The report said that the contract was signed in 2008 with Elbit Systems and worth some $140 million.
Ynetnews, reporting the same story, said both the Defense Ministry and Elbit had confirmed the cancellation.
Haaretz’s website said the decision was made “out of security concerns, principally in consideration of Turkey’s ties with enemy states of Israel, particularly Iran.”
Meanwhile, The Jerusalem Post reported that the coordination mechanism designed to prevent misunderstandings and potential clashes between Turkish and Israeli military planes over the Mediterranean Sea, is back.
Turkey ended its aerial cooperation with the Israeli military in 2009, in protest against the Israeli offensive in Gaza that killed about 1,400 Palestinians.
A senior official of the Israeli Air Force, who kept his identity anonymous, told the newspaper, that the coordination mechanism was recently reactivated as part of the two countries’ efforts to “stabilize and improve ties.”
He said the Israeli Air Force would also likely invite Turkey to participate in a large-scale international aerial drill that it will be hosting in 2013. “There is nothing preventing them from participating,” the official said.
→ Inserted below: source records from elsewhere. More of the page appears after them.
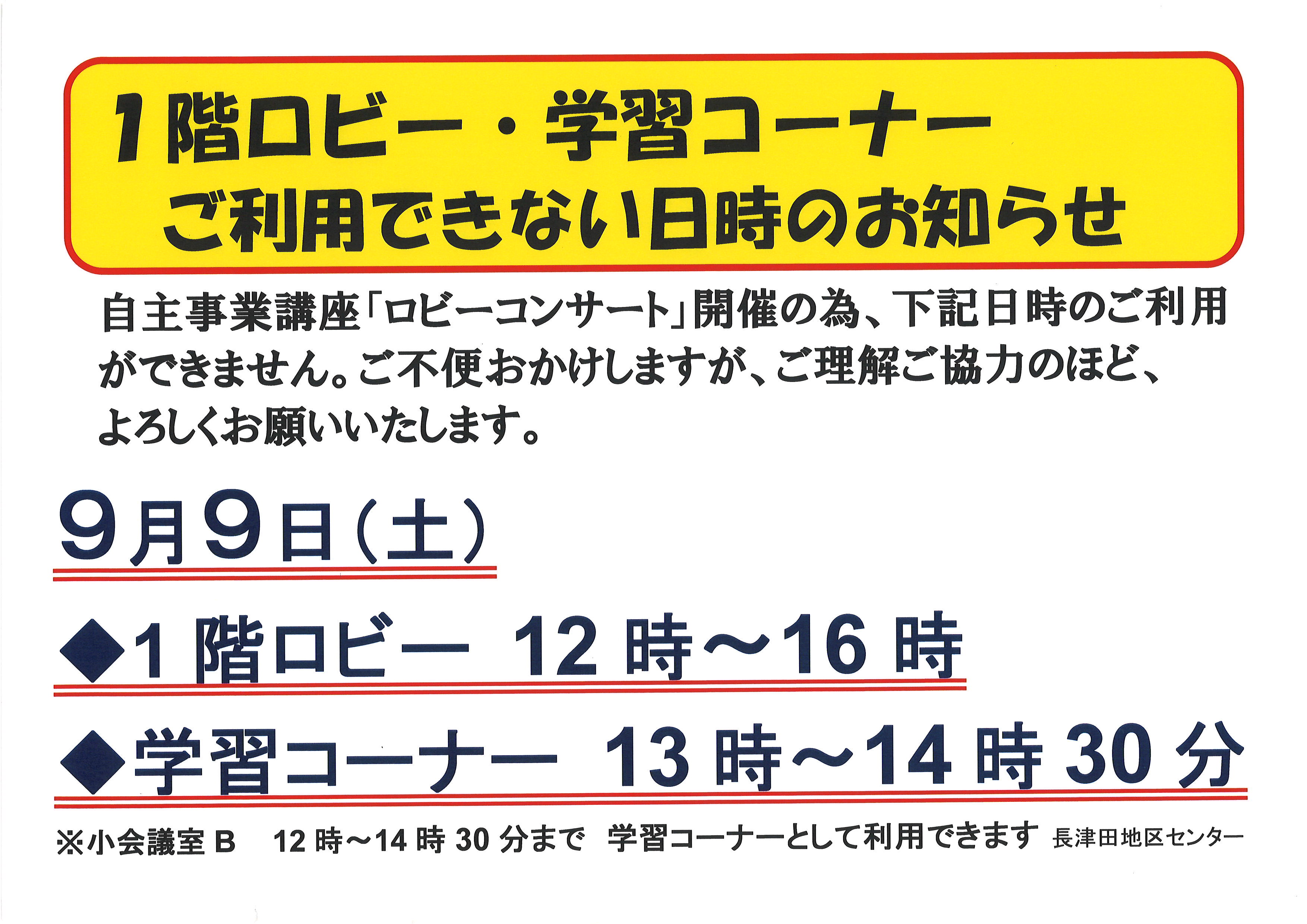 9月9日(土)自主事業講座「ロビーコンサート」開催の為、添付内容の時間帯でご利用ができません。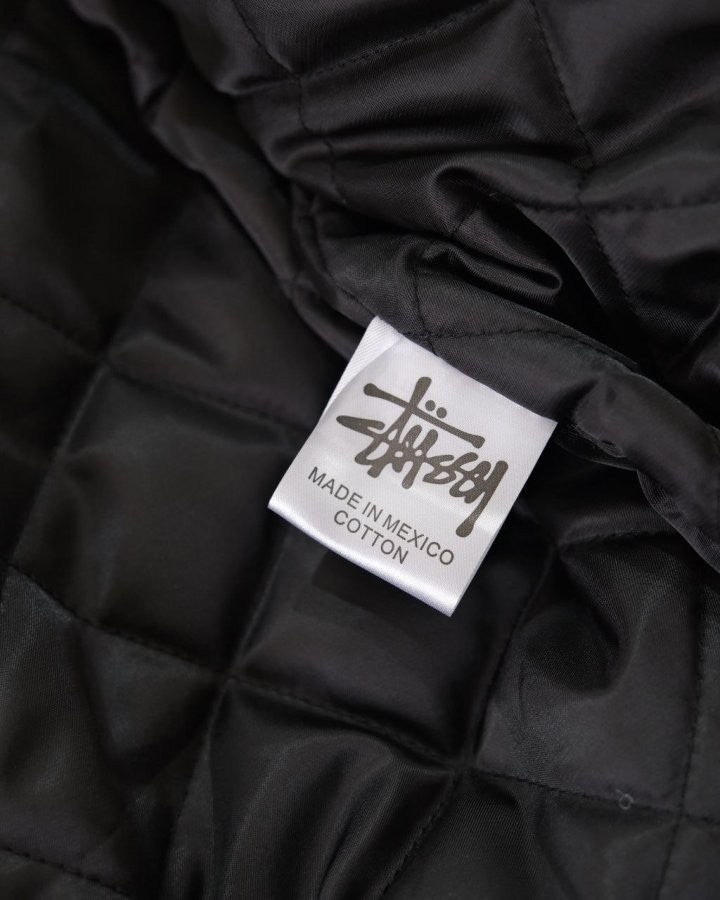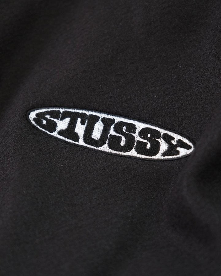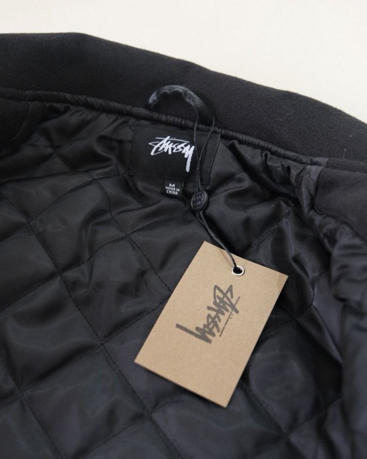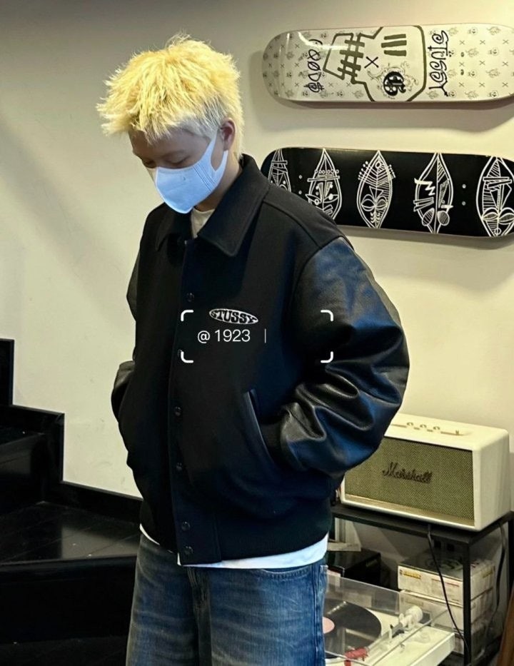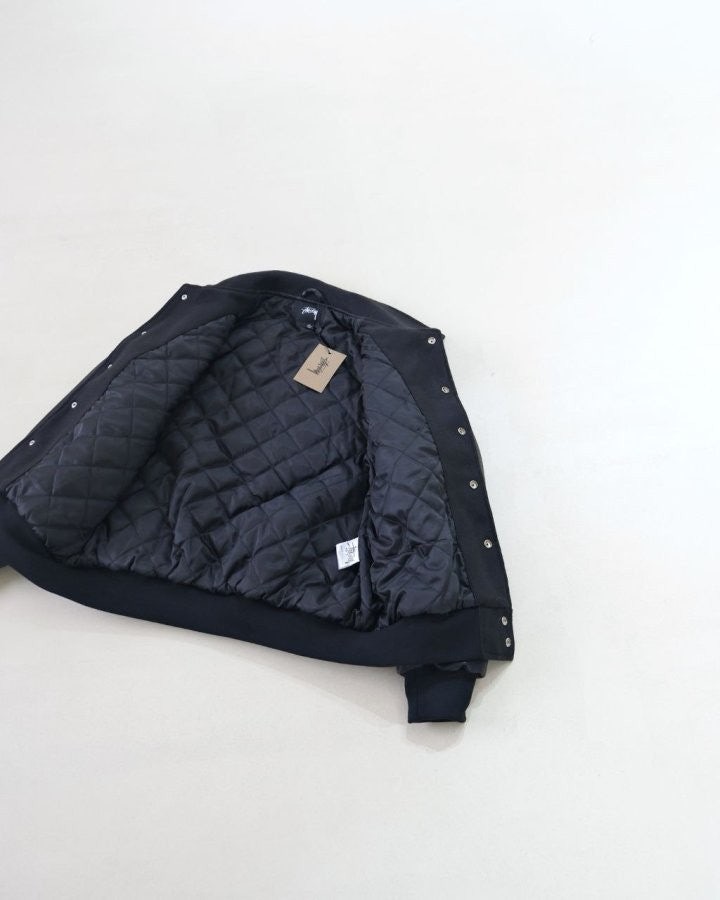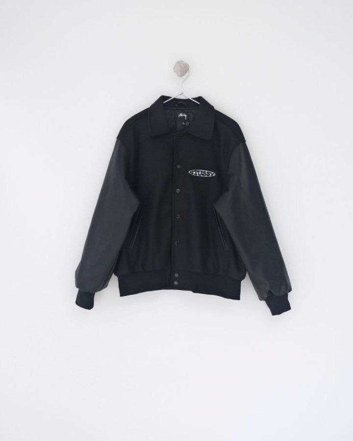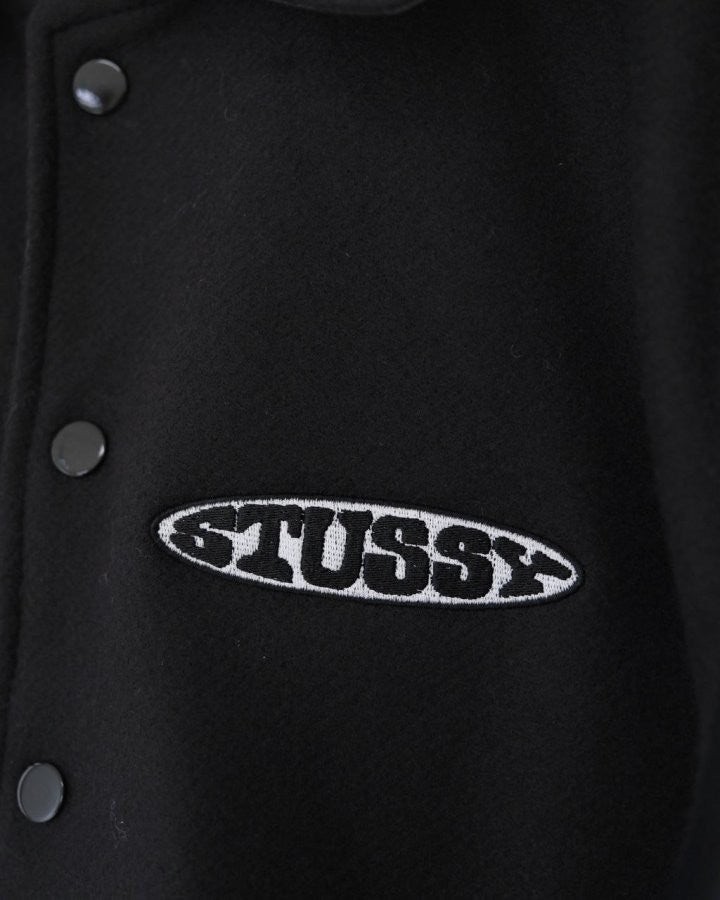 •Stus** FW25 GLOBE VARSITY 재킷은 로고 자수와 벨벳 셰니유 패턴, 가죽 디테일이 조화를 이룬 레더 바시티 재킷으로 이번 시즌 가장 소장 가치가 높은 아이템입니다. 활용도 높은 블랙 컬러로 제작되었으며, 디자인과 마감에서 Stus**의 클래식을 충실히 재현해 별도의 설명이 필요 없을 만큼 대표적인 작품이라 할 수 있습니다. 전체 실루엣은 남녀 공용 디자인의 여유 있는 설계로, 레글런이 아닌 전형적인 바시티 패턴을 따르며 착용했을 때 퀄리티 있는 무게감과 존재감이 느껴집니다.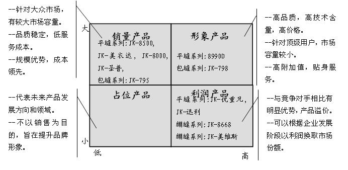 根据杰克目前在产品方面的资源及营销战略对杰克的产品进行了规划。首先将杰克的产品划分三大类:平缝机、包缝机、绷缝机。平缝机主要局限在中低端产品,而且以低端产品为多,该类别竞争激烈,利润较低;同时,杰克在同档次产品的市场占有率中没有明显的优势,特别是中档产品的销量远低与直接的竞争对手。杰包缝机产品主要局限在中低端产品,但795的销量较大,并有较好的市场口碑;JK798显示了杰克在包缝机领域的技术国内领先的地位,包缝机是杰克的优势产品,杰克必须通过技术优势和价格优势,在中高端扩大市场份额,适当调整788的价格,促使其销量增加,以销量促进品牌知名度,同时加强市场推广,目标是做到包缝机第一国内品牌,并树立相应的品牌形象。杰克在绷缝机方面因为市场销量有限,优势不能被有效放大,因此在该品类里不明显。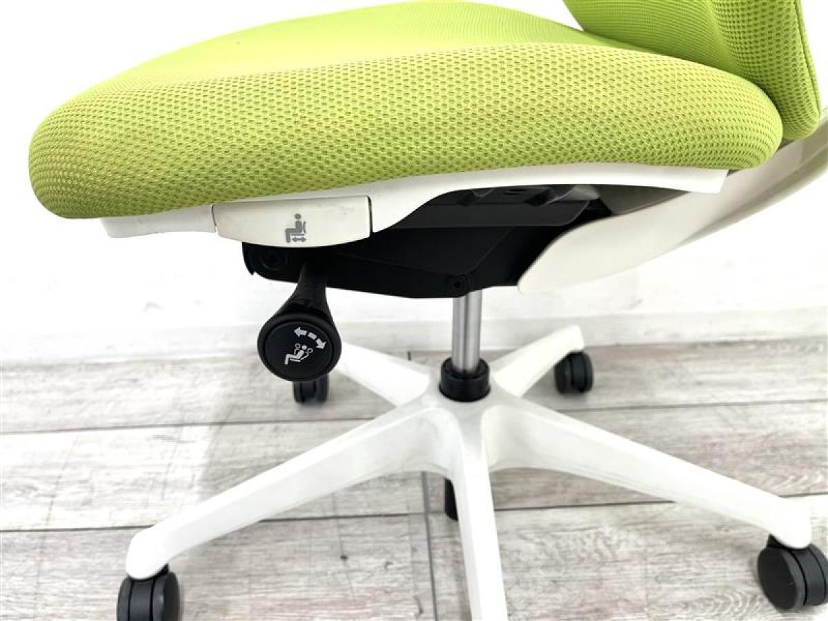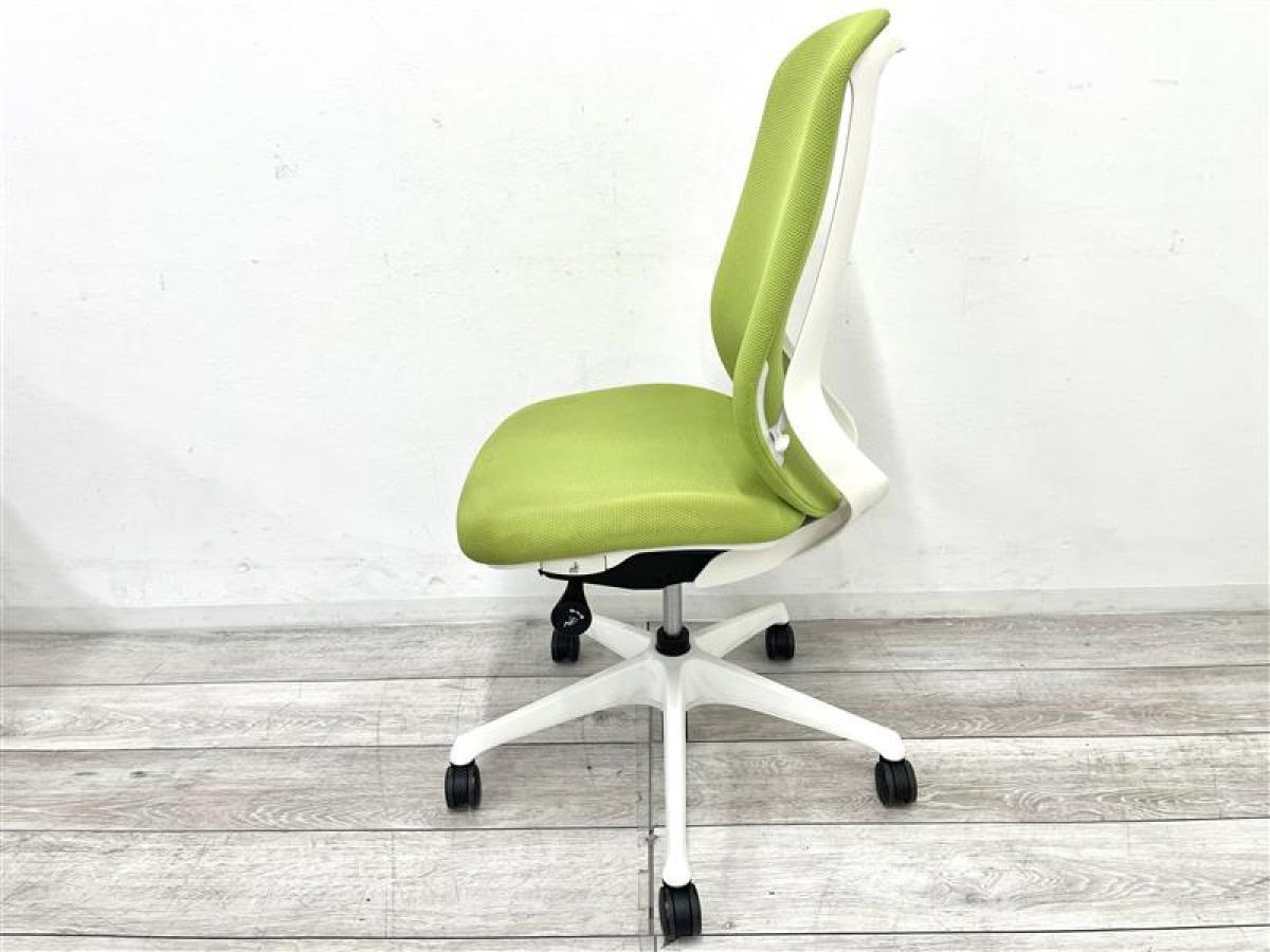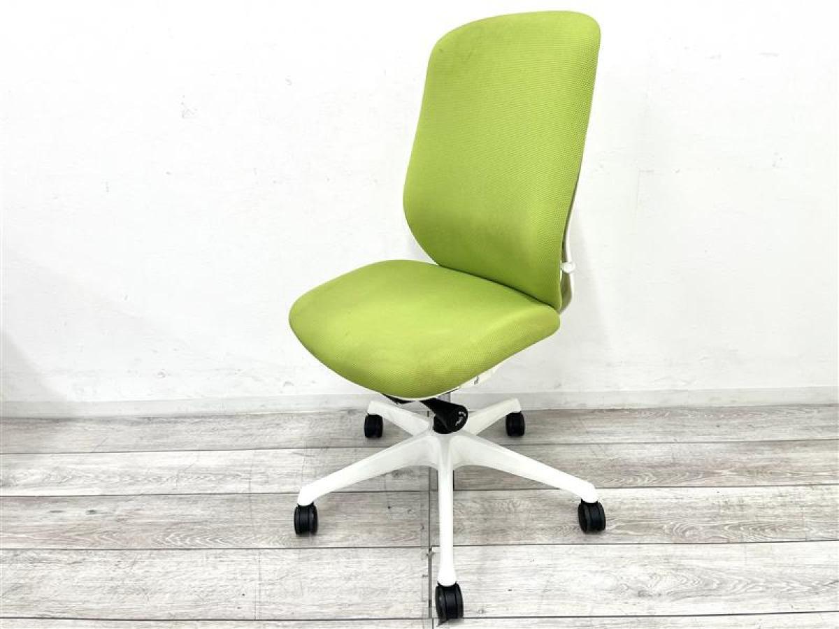 オカムラ製 シルフィーシリーズ ライムグリーン ホワイトフレーム 背面クッション コートハンガー付き 快適な座り心地を実現! 人気シリーズの背面クッションモデル! 肘無しハイバックチェア!!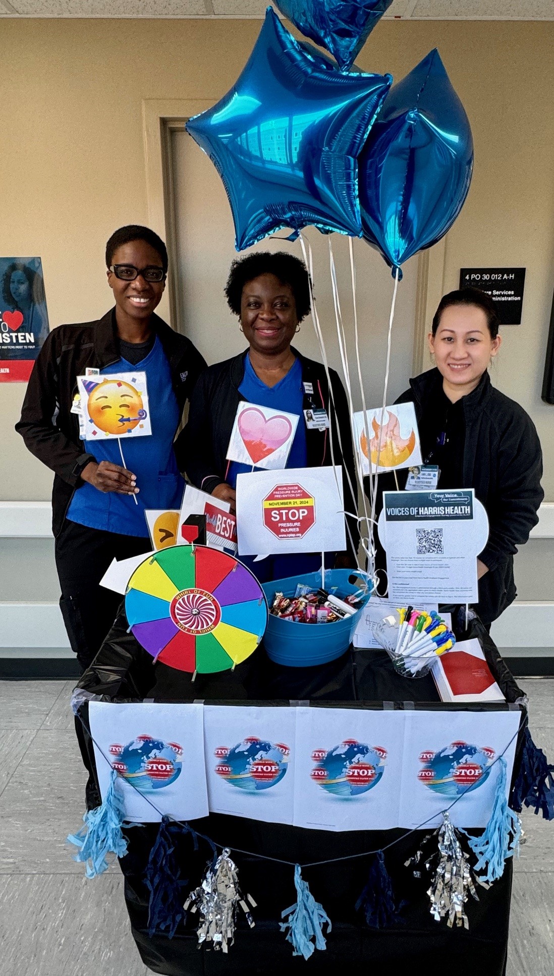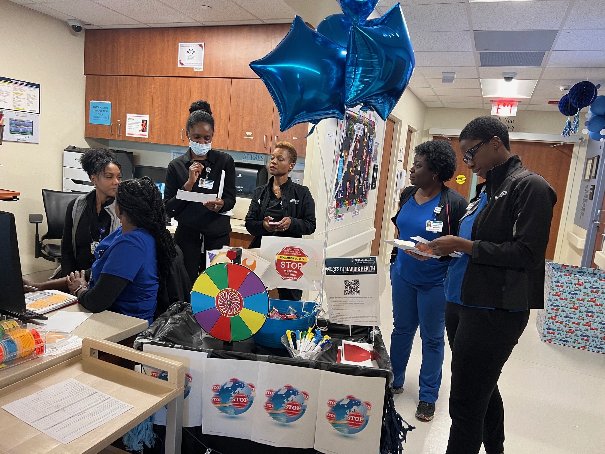 We did this last year and the drinks, snacks and pressure injury information were well received by staff. They like having the color visual reference to refer to and it reminds everyone to implement pressure injury prevention measures."

Meanwhile, according to the Turkey-based newspaper, Today’s Zaman, about two weeks ago, the Turkish Military Attaché to Israel attended an Israeli Air Force briefing for foreign military officers at the Ovda Air Force Base on the sidelines of the Israeli joint maneuvers with the Italian Air Force.
“Ties with Turkey are extremely important to Israel, but we have a security responsibility over any product that is given approval for export,” an Israeli security official told Haaretz.
Once flourishing Turkish-Israeli ties plunged into deep crisis last year when Israeli forces killed 9 Turks in a raid on a Turkish ferry, part of an activist flotilla carrying aid to Gaza.